◆ Instructions for the task ◆
In the records that follow, find each line with "lesion" and pull it out.

___ Records provided ___

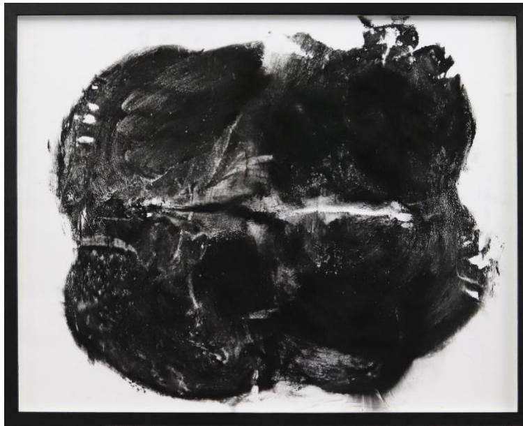
Octoextrema , 2020 Squid ink on silk canvas Framed with Museum Glass 59 x 47 cm
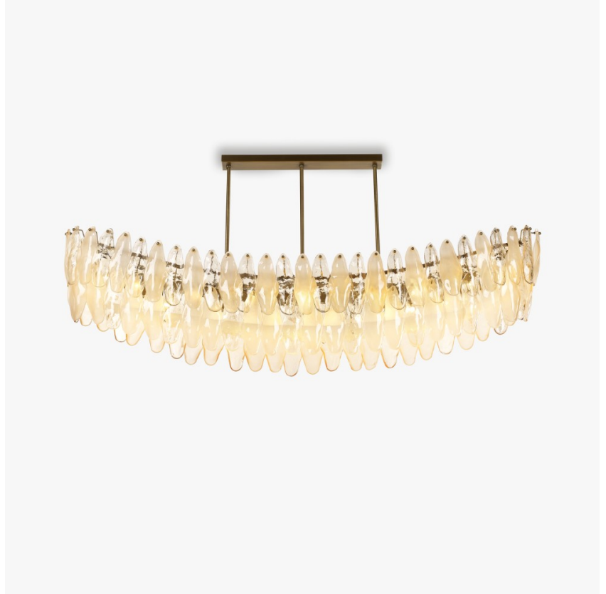
CL850-CO in Champagne and Champagne Satin with Brushed Dark Bronze

The presence of energy and movement cannot always be explained; a phantom, a mirage or a ghost. Our Spectre range takes on a somewhat ethereal form with its amorphous shapes and diaphanous presence. Created from a new suspended glass fixing, the Spectre ceiling lights appear to hover in mid-air and hint at the vestige of energy where life may once have been. Offered in a mix of clear glass with spectral satin glass elements, the dappled light effect that this creates disrupts any defined outline and produces a softness and a gentle vision for your interior setting. In a design first for Bella Figura, this variation of the classic round design is available in a unique curved oval shape that evokes images of an other-worldly ghost ship cutting through uncharted waters.
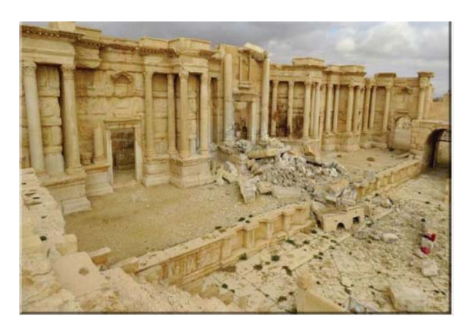
Fig. 5. Ruined roman theater Рис. 5. Разрушенный римский театр

3 – Grave houses. This type of tombs appeared and was widespread also in the first century AD. As a rule, the building consists of one floor and has a beautiful entrance. The door is a stone monolith with plentiful quantity of the cut-out patterns. The building features an open yard surrounded with a covered yard with columns supporting the roof. Along the internal perimeter, there are steps, on which crypts and graves are constructed. Opposite, there is a sculptural group of a funeral procession in the form of figures of
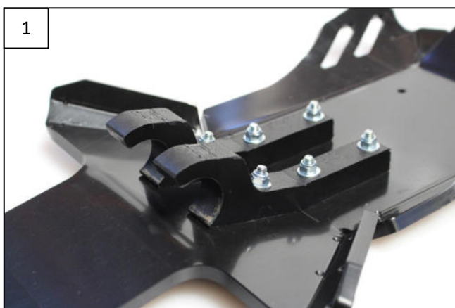
1 Fit the rear plastic brackets with Tfhc 6x35 + em6f + washers
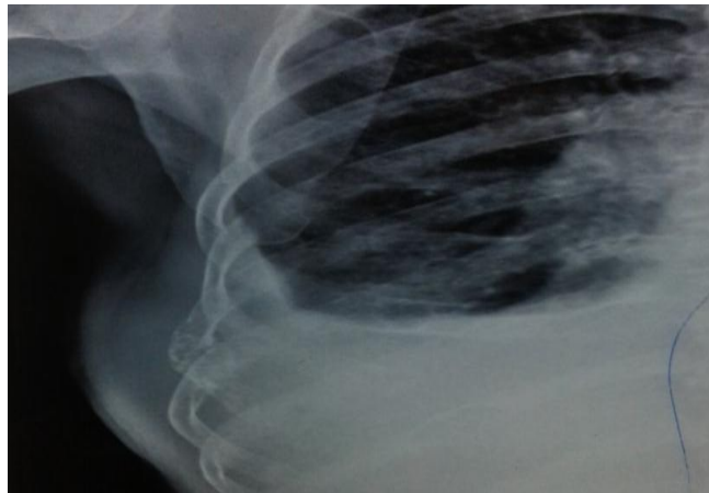
Fig. 2 - Chest X ray PA view showing right sided pleural effusion and large extra pulmonary opacity with well defined margin and lytic lesion in the mid-part of 8 th rib.

normal limits. Serum calcium was normal. Chest x ray was done which showed right sided massive pleural effusion and lytic bone lesion in 8 th rib (fig.2).
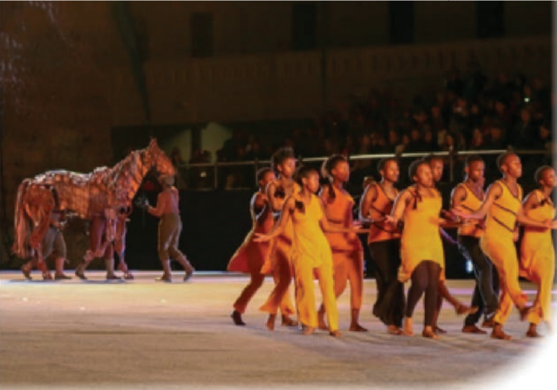
The Chris Hani Secondary School dance troupe and Joey the War Horse pay tribute to the brave men and women who fought and died in World War I"

Many of the military – and civilian – men and women involved have a remarkable 'can do' attitude and a willingness to go beyond the call of duty, to step in and assist where help is needed. Instances of this occur at all levels, from the officers at the top to the troops on the ground.
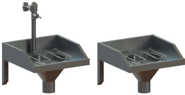
Slop Hopper (Model SH)
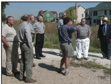
IN NEMO is helping communities form local committees to address natural resource issues in land use planning.
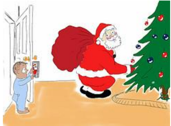
Get out your I-pad.

___

◆ The completed task ◆
Fig. 2 - Chest X ray PA view showing right sided pleural effusion and large extra pulmonary opacity with well defined margin and lytic lesion in the mid-part of 8 th rib.
normal limits. Serum calcium was normal. Chest x ray was done which showed right sided massive pleural effusion and lytic bone lesion in 8 th rib (fig.2).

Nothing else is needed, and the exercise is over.